Все, усилием воли Джи-Джи-Олифант усмирил вспышку гнева. А по залу зазвучало:
— Докладывает Джи-Джи-Олифант. Гости приближаются к первому периметру... — А ведь шевелилось и никак не рассасывалось в душе начштаба подозрение, что передислокация «Эдды» гораздо больше связана с охотой на изобретателя инферн-яда, чем с желанием пустить пыль в глаза китайской делегации.
— По дурацкой музыке слышу, а вот чего не слышу, так это доклада об окончании развертывания систем наблюдения и безопасности, — угрюмо зашевелило губами лицо на газетной вырезке.
Глава 9
В мертвых пространствах метрополитеновского подземелья зазвучала свежая приветственная песня от певца-покойника:
Китайцы искусно спланировали, не касаясь эскалаторов, на шести стандартно одинаковых коврах-самолетах, вытканных из грив монгольских лошадок. На первом транспортном средстве задевали друг друга амуницией четверо телохранителей в тяжелом клепаном доспехе. На втором восседал столбиком малиновокожий седоусый дракон, кутавшийся в свой бесконечно длинный хвост, как в боа. На третьем не мешали друг другу белый лис — то ли абсолютно седой, то ли от природы альбинос, — да бритоголовый, блаженно улыбавшийся монах в оранжевой хламиде.

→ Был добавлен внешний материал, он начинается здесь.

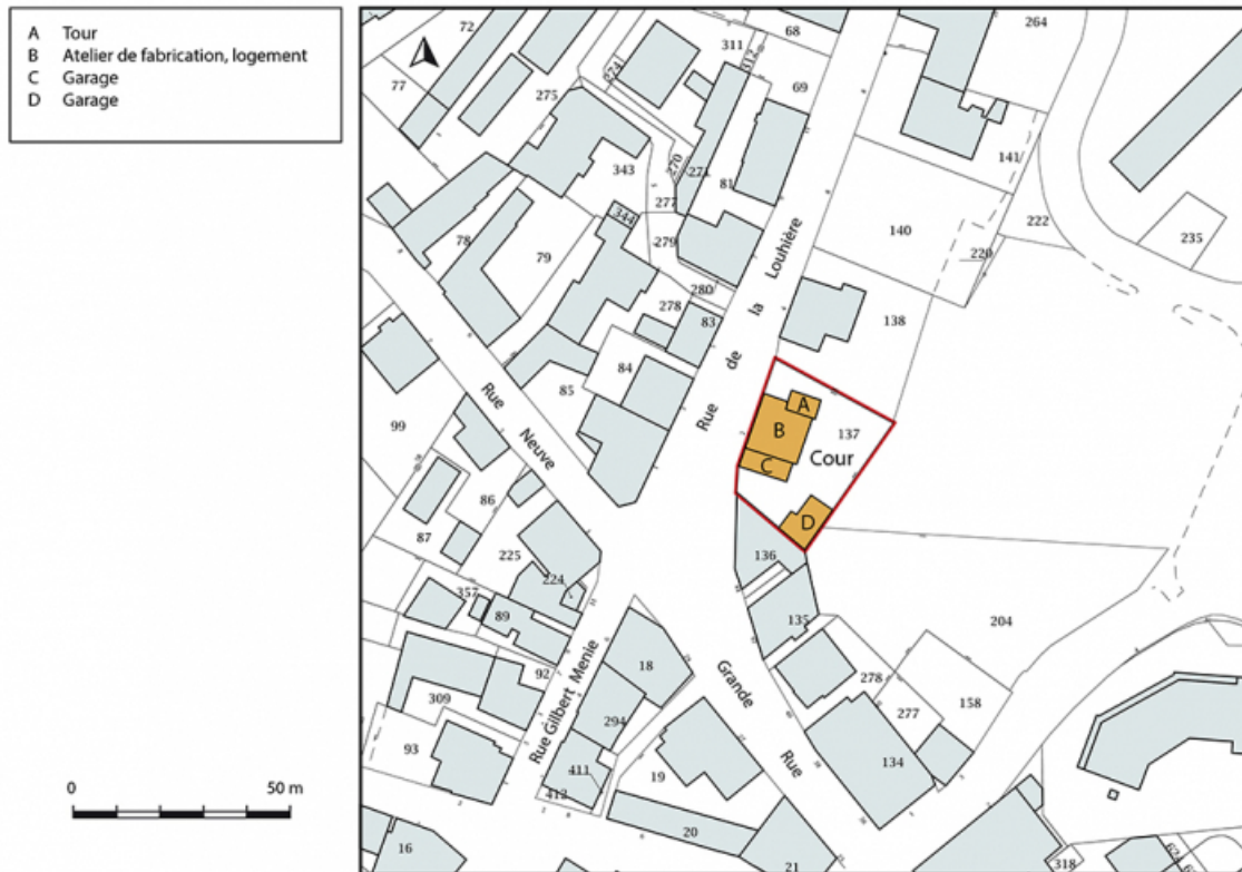
Plan-masse et de situation. Extrait du plan cadastral, 2018, section AE, 1/1 000. 25, Morteau, 2 rue de la Louhière

Прочие члены команды теснились на оставшихся коврах, как придется и как кому повезло.
Ковры-самолеты крестоностским клином (если хотите — «свиньей») зависли метрах в десяти от ворот цитадели. Дракон с минуту выдерживал паузу, наслаждаясь возможностью смотреть сверху вниз на стоявшего во главе группы встречающих и так по жизни не высокого гнома Джи-Джи. Типа, вы — в гуано, а я — в Версаче. Потом последовала невнятная команда, и ковры беззвучно, с грацией летающих тарелок, опустились на цемент и мрамор вестибюля.
У начштаба тоже имелась пара мстительных шуточек про запас. Мысленным приказом высосав максимум энергии из ушной апокаклипсы, он вдруг заревел так, что на делегацию посыпалась побелка:
— Я счастлив приветствовать на нашей территории великого мастера магии, бригадного цинь-генерала Китайской Небесно-Народной Армии, кавалера Ордена Горы Сычуань, сына алмазного родника Чан-чинь-Чана. — И еще герр Олифант позволил себе вольность выделить в приветствии слова: «на НАШЕЙ территории».
Гости не ожидали звукового щелбана, зато подсознательно учитывали вероятность всяческих подвохов-нападок. Кто-то вжал голову в плечи, кто-то сделал шаг назад, а личная охрана дракона, гремя доспехами, потянула мозоли к рукоятям кривых мечей. Но, как схватилась, так и отпустила.
— Сын алмазного родника Чан-чинь-Чан обижен, что его не встречает лично Гребаха Чучин, — зашелестел над ухом Джи-Джи-Олифанта надменный голос лиса-альбиноса. Лису даже не пришлось наклоняться, с гномом они оказались одного роста.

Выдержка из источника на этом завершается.